Pilotage01 BSC 8M Management 

Blog qualité – L’essentiel pour votre démarche qualité

Utiliser la méthode Balanced ScoreCard (BSC) pour piloter ses processus et être conforme à la norme ISO 9001:2015 -Première partie

S’il existe plusieurs méthodes pour piloter ses processus, la méthode BSC est très efficace dans la mise en place des activités de pilotage de processus alignés avec la stratégie d’un organisme.

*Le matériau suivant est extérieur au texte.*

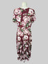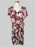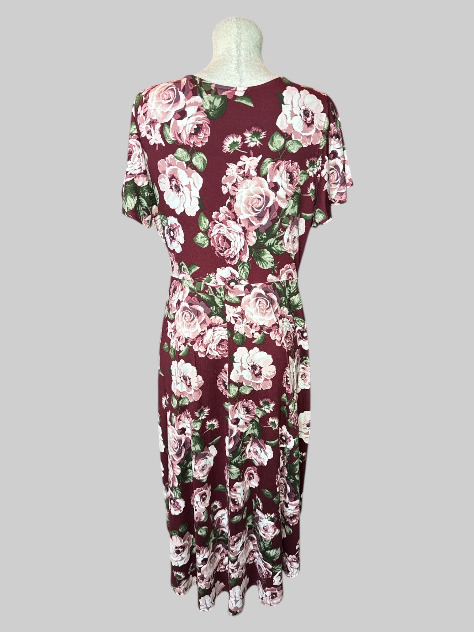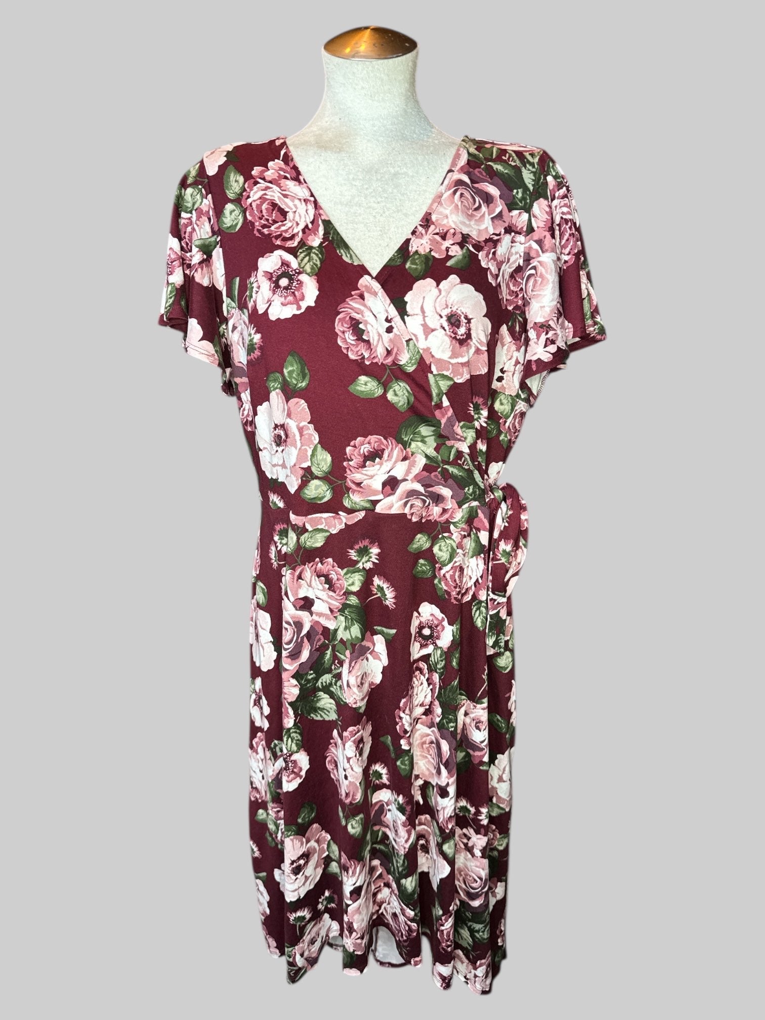 1X Maroon floral faux wrap dress with tie on front, flowy sleeves, and high low hem

Elle se décompose en quatre étapes (1). La première partie de cet article traite des deux première étapes : la traduction de la vision et la communication et liaison.

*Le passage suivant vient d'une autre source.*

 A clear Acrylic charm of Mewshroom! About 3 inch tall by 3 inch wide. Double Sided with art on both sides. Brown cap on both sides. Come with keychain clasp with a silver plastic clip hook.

Des processus définis, décrits et pilotés, efficaces pour fournir des produits et des services conformes et améliorant de manière permanente la satisfaction du client, c’est ce que demande la norme ISO 9001. Le pilotage des processus permet de déployer une politique et des objectifs qualité cohérents avec la stratégie de l’organisme. Il consiste à mettre en place les indicateurs et les activités pour surveiller, contrôler, évaluer les résultats et mener les corrections et les actions d’amélioration nécessaires à leur bon fonctionnement. En général, le pilotage pour un organisme répondant aux critères de la norme ISO 9001, est décrit dans le processus de direction ou de management.

En guise d’introduction : retour vers le futur

Pour les managers, les indicateurs non financiers sont précieux parce qu’ils prédisent à long terme les performances financières. Pour cela, il faut se focaliser sur la capacité des actifs incorporels (capital immatériel) à générer de la valeur pour le futur.
Par exemple :

  • Les dépenses de formation,
  • Les dépenses de publicité et de promotion,
  • Les dépenses liées au démarrage d’une activité,
  • Les dépenses de délocalisation ou de réorganisation,
  • Les dépenses de recherche,…

Ces types de dépenses permettent de créer de la valeur et de la performance sur la durée.

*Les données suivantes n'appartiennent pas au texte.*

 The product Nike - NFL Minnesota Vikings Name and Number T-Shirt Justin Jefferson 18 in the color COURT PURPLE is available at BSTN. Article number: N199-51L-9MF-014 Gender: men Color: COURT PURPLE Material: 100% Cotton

Dans cette approche financière, à chaque type de dépense, un budget est alloué. Pour ces budgets, les compétences et avec elles les plans de formation, les outils et les politiques devraient être réalistes par rapport à ce que l’organisme veut devenir.

Oui, mais voilà…

Entre les services financiers, les services de production, d’exploitation, les services de relation client, les processus d’amélioration des compétences, de capitalisation du savoir-faire et la gestion de la croissance d’un organisme, il peut y avoir des points de vue divergents, incohérents et contre-productifs.

Autrement dit, si vous vous limitez à un simple approche financière (par les budgets), celle-ci ne vous permettra pas d’atteindre vos objectifs stratégiques.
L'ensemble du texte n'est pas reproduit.